Now the ML models will be synced with the robot application code, you’ll deploy a ROS application to make use of the models. The ROS application built and bundled in the last module contained the necessary code to make use of this model. You’ll create a new deployment for your robot specifying a different launch file.

Create a Fleet

  1. Return to the RoboMaker Console: https://console.aws.amazon.com/robomaker/

  2. In the left navigation pane, under Fleet Management, and then choose Fleets.

  3. Select Create Fleet.

    • In the Create Fleet page, type a name for the fleet.
  4. Click Create to create the fleet.

Register a Robot

  1. In the left navigation pane, choose Fleet Management, and then choose Fleets.

  2. Select the Name of the fleet you want to modify.

  3. In the Fleet details page and under Registered robots section, select Register new.

  4. In the Register robots page, select the robot you want to register, then select Register robots.

Create a Deployment

  1. Return to the RoboMaker Console: https://console.aws.amazon.com/robomaker/

  2. In the left navigation pane, choose Fleet Management, and then choose Deployments.

  3. Click Create Deployment.

  4. In the Create Deployment page, under Configuration, select a Fleet.

  5. Select a Robot Application.

  6. Select the Robot Application version to deploy. The robot application must have a numbered applicationVersion for consistency reasons. If there are no versions listed, or to create a new version, see Creating a Robot Application Version.

  7. Under Deployment Launch Config, specify the Package name: jetbot_app

  8. Specify the Launch file: run.launch

  9. Specify a Robot deployment timeout.
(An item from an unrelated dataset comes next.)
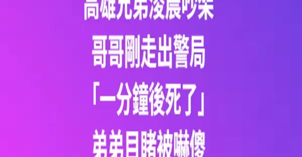 高雄兄弟凌晨吵架!哥哥剛走出警局「一分鐘後死了」弟弟目睹嚇傻!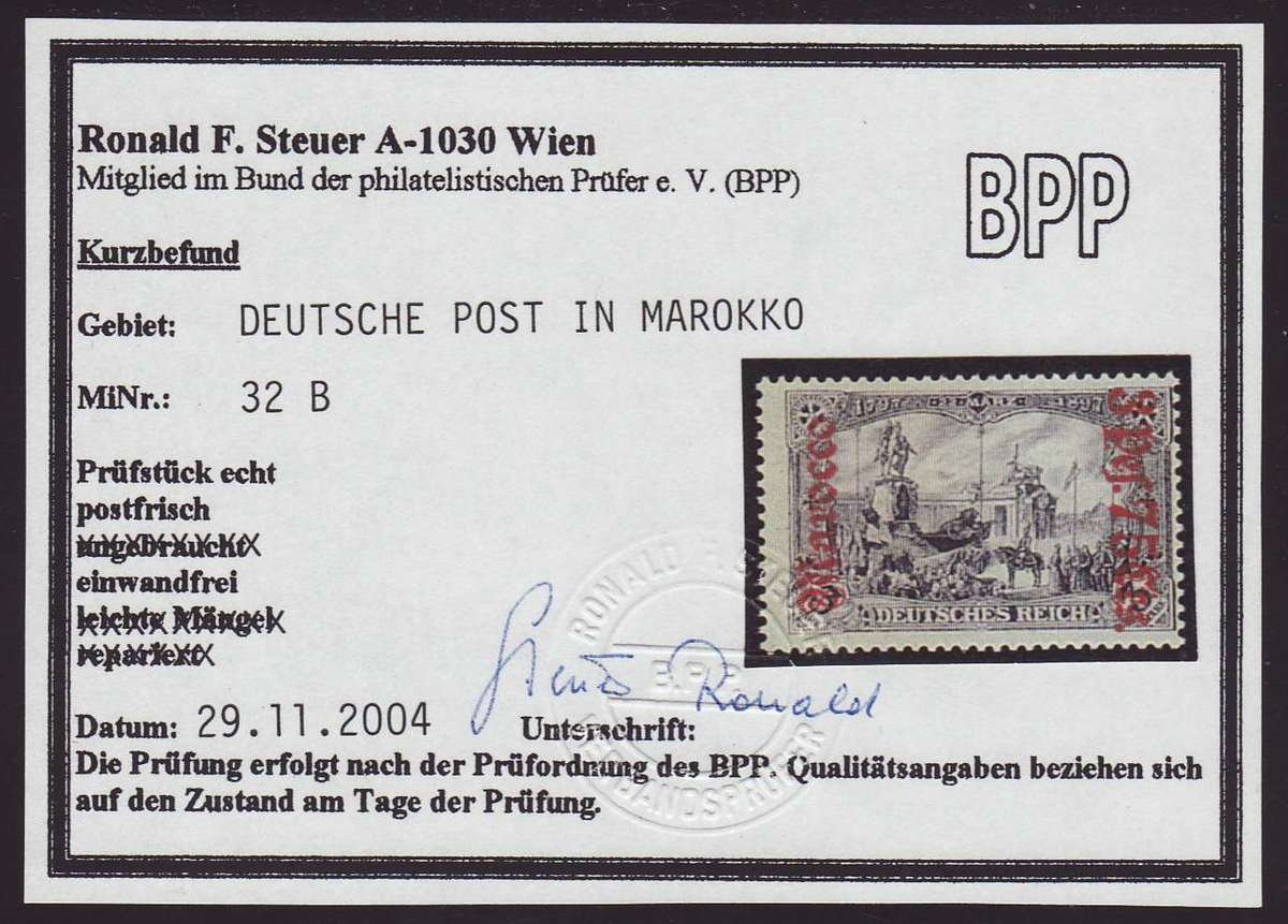 | Prüfgebiet: | Deutsche Auslandspostämter Marokko |

Deployment to an individual robot will stop if it does not complete before the amount of time specified.

  10. Click Create to create the deployment job.

  11. Keep track of the progress of the deployment, when copying and extracting completes, the status will eventually change to In Sync.

  12. In the final step Jupyter server by typing this into your web browser: http://<IP_ADDRESS>:8888.

  13. To finish the launch of your application, open a terminal window

    # Switch to the root user (password is "jetbot")
    $ sudo su
        
    $ wget https://raw.githubusercontent.com/jerwallace/simple-road-following-app/master/assets/scripts/prep_launch_local.sh
    $ chmod +x prep_launch_local.sh
    $ ./prep_launch_local.sh
        
    # start greengrass core
    $ roslaunch jetbot_app run.launch
    

    Note: It will take a few minutes for the app to start.

  14. Bring your robot over to one of the road tracks.

Congratulations!!! You have completed the workshop!

Clean-up Reminder

Note for those running in their own AWS accounts and are not using a workshop code:

In this activity, you created a some resources (Development environment, CloudWatch logs, and S3 objects) that incure cost. If you are not continuing on with the next sections of the workshop, remember to go to the clean-up steps and remove these resources to stop any potential costs for occurring.